Проходит много времени, я протягиваю ему тряпку вытереть лицо. Собираем вещи и привязываем все к мотоциклу. Туман вдруг поднимается, и я вижу: лицо его осветилось солнцем, и он весь раскрывается – я никогда раньше такого не видел. Надевает шлем, подтягивает ремешок, потом заглядывает снизу мне в глаза:
– Ты правда был сумасшедший?
Зачем он это спросил?
Нет!
Бьет изумление.
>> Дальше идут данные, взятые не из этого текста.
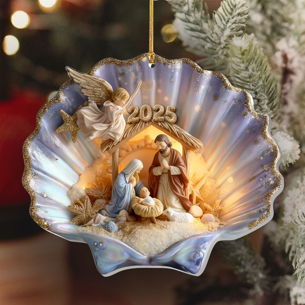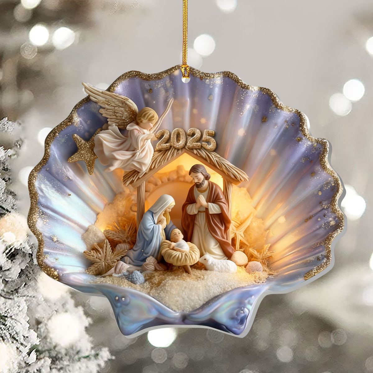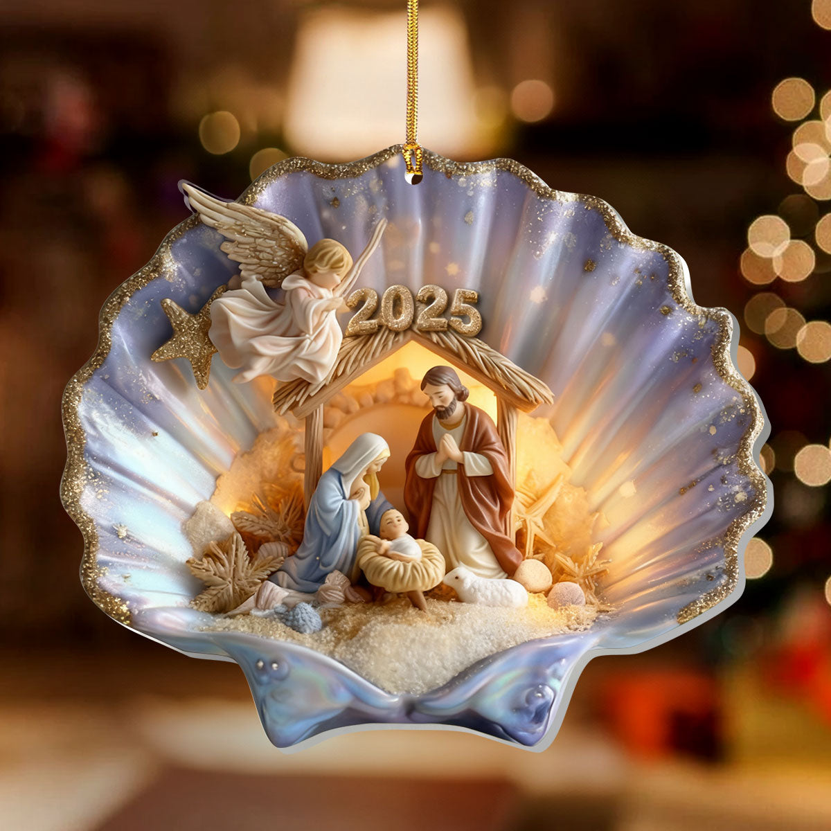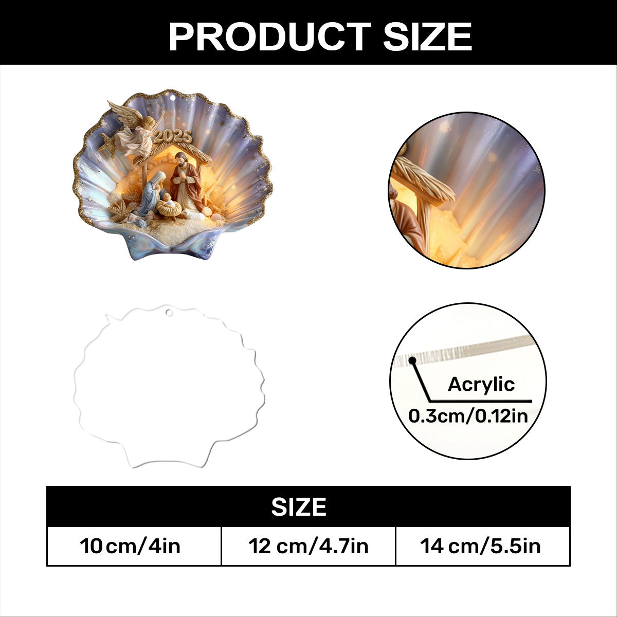 Celebrate the season with our Nativity In A Seashell ornament! This beautifully crafted 1-layer acrylic ornament features a serene nativity scene nestled within a seashell, combining holiday charm with a coastal twist.

Но глаза Криса вспыхивают.
– Я знал, – говорит он.
Забирается на мотоцикл, и мы отъезжаем.
32
32
Едем по побережью Манзаниты, через кустарники с вощеной листвой, а я вспоминаю лицо Криса: «Я знал», – сказал он.
Мотоцикл легко вписывается в изгибы дороги, кренясь так, что вес наш – всегда вниз, через машину, под каким бы углом ни ехала. Вокруг полно цветов, удивительных красот, крутых поворотов – один сменяет другой, и весь мир вокруг катится, крутится, вздымается и опадает.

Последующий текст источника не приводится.